Aylesford School is a mixed-sex school comprising years 7 to 11, plus a Sixth Form for pupils in years 12 and 13. It is a co-educational secondary school in Kent, England. Situated in modern campus buildings the school serves an area to the west of Maidstone.

==History==
The school site at Teapot Lane, originally built largely by Italian prisoners of War during the 1940s, was redeveloped in 2005–2008, as part of a KCC-sponsored PFI scheme which also included two other local secondary schools, Holmesdale in Snodland, and The Malling, in East Malling, and three others elsewhere in Kent. Construction of the new school was headed by Costain. Unlike the other schools involved, space constrictions on the site meant that the new buildings had to be built over the original foundations, so a "temporary village" of classrooms was constructed on part of the site to house the majority of pupils and staff during the reconstruction period.

The School achieved Specialist status as a Sports College in 2004, which ensured that a focus on sport was introduced to all aspects of the curriculum, though this specialism was later dropped in 2018.

Secretary of State for Children, Schools and Families, Ed Balls, accompanied by local MP Jonathan Shaw and officials from KCC, officially opened the new school buildings on 28 May 2008. Referring to the three local schools, the Minister said: "If we can do around the country, what we've seen in these three schools, we could really transform education in Britain."

Between 2008–2012, the sixth-form was part of the Medway Valley Sixth-form Consortium - collectively known as WHAM - a collaboration with Wrotham School, Holmesdale Technology College and The Malling School, which offers a wider range of A-level and equivalent courses than any one of the schools could provide individually. Aylesford has a particular strength in Business Studies provision.

Because of the restricted site at Aylesford School, it was necessary to rebuild the school largely in the same location on the site that the old buildings occupied. This required careful planning and a certain amount of disruption to both staff and pupils. When the school was housed in the old buildings, its reputation was very poor. Even with the news that new buildings were on the way, the school was still considered to be underperforming. During the rebuilding process many of the old buildings were demolished and replaced with 23 small mobile classrooms, which become known as the Learning Village. Only B block (Science), C block (Technology and Art) and M block (English, and the library) remained in use from the old school.
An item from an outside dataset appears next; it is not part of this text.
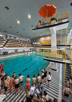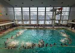 Nach einer ebenfalls kurzen Besprechung begann Gold nun auch mit dem Tieftauchen, jedoch mussten sie die Übung 3 x wiederholen. Die Silbergruppe hatte währenddessen Pause und spielte Wasserball im Nachbarbecken. Die Bronzegruppe hatte den Kopfsprung beendet und mit dem Tieftauchen weitergemacht. Weitere Übungen waren das Springen vom Startblock und das Schwimmen in Rückenlage mit unterschiedlichen Schwierigkeitsgraden. Im Anschluss daran fingen alle drei Gruppen mit den Sprüngen vom Sprungturm an, wobei Sprünge aus 3 und 5 Metern und unterschiedliche Sprünge vom Einmeterbrett gezeigt werden mussten.

The School now consists of 4 Main Buildings named after famous sporting venues: Twickenham, Lords, Wembley and Wimbledon. Wimbledon - formerly known as C-Block, is the only building to remain from the old school, and has been fully refurbished. The School also boasts a large Hall with a performance stage, an indoor sports hall containing 6 badminton courts and mechanically retracting basketball nets, a separate gym with dance mirrors, gymnastics/trampoline facilities and an indoor climbing wall, an outdoor assault course and fitness area, and a Multi-Use Games Area (MUGA). Funding was being sought for an Astroturf football pitch; though these plans have now been scrapped. The school is also equipped with state-of-the-art ICT facilities, with over 500 desktop PCs, over 200 staff and student laptops, fixed and portable projectors, interactive whiteboards and interactive learning zones.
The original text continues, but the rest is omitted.